その時代、その文明を、否定する為だけの装置の完成を目指し、チートは駆動していた。
そう、けれどその全てが過去形である。もう終わったのだ。終わってしまったのだ。何もかもが、もう既に手遅れであった。自己否定というシステムは動作を終え、成り代るべき英雄であるアマリリスは、そのことを拒絶しているが意思だけで争うことができるものでもない。
故に何もかもが終わっていた。終わり続けていた。不可逆の道を、1人ですらないモノが突き進んでいた。
『嘘つき……』
そこに、一滴の涙とたった1つの言葉が落ちる。
深い悲しみと後悔と信じたくない気持ちと、軽蔑と八つ当たりと否定が混じり合ったものが加えられる。
それは、少女が気紛れに落とした涙と零した言葉。ありふれた悲劇を綴る最後の言葉。けれどそれは、同時に英雄が再起する言葉でもある。少女の涙と悲嘆の言葉、それを受けて再起しないものが英雄と言えるだろうか? 否、断じて否である。
けれどまた、普通であるならば再起が不可能であることもまた事実。己の意思が、記憶が、自我が消えてなお蘇る者は化け物だ。戦い続ける鋼の意志を持つのは、常識はずれの英雄だ。
模███ーーアクセス失敗
だが、どうだ? 『欠月 諸葉』という人間は……いや、自分を守る為『欠月 諸刃』と無意識に名乗る様になった
模倣██ーーアクセス失敗
模倣転█ーーアクセス失敗
だが、それでもまだ足りない。意志の強さがあるだけで何とかなるほど世界は甘くない。何せ、その意志自体が消滅しているのだ。故に、それを取り戻すことが必要である。

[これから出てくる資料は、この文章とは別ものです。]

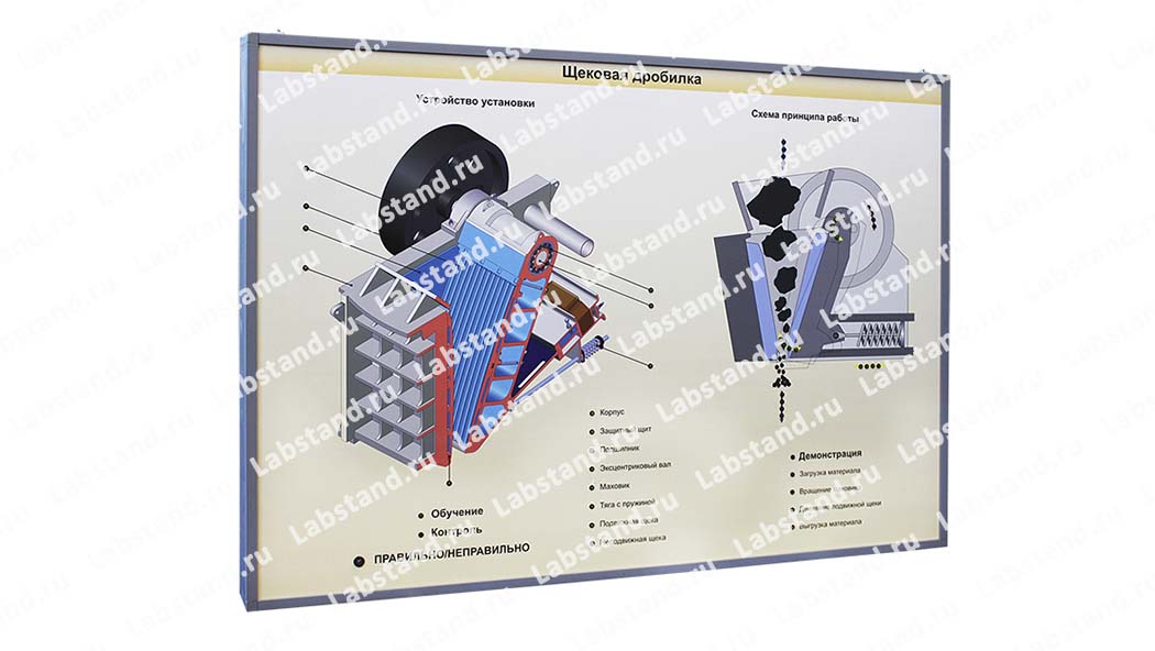Состав: Стенд-планшет «Щековая дробилка», магнитная указка, блок питания, паспорт.

そしてモロハには、自己否定を起因としないチートが、世界を騙すズルが2つ備わってる。それはかつての親友の形見である《肉の鎧》と、必要として奪った《模倣転写》。使う意思がなければ意味のないチートだが、後者は名の通り力を模倣するチートである。そのチートにコピーされていた力は、転移ともう1つある。それは、なんだったか?
模倣転写ーーアクセス成功
模倣転写ーー再起動、成功しました
模倣転写ーー残稼働時間 : 1000秒
模倣転写ーー選択 : information起動
それは、informationと表示される、自己否定のスキル。使用者の意識がない時であろうと、常に稼働し続け力を振るう能力。しかも自己否定という括りから解き放たれた、あくまで模倣転写というチートのinformationである。
故に、あり得ないことが現実化する。
何もかもを模倣する力に、仮初めの意志が宿る
不可逆が可逆に変更される。
しかし、これでもまだ足りない。0が1に変わっただけで、解決に至るには何もかもが不足している。その理由は単純で……出力不足なのだ。コピー時に様々なものがトリミングされたせいで、根本的な出力が致命的に足りていないのだ。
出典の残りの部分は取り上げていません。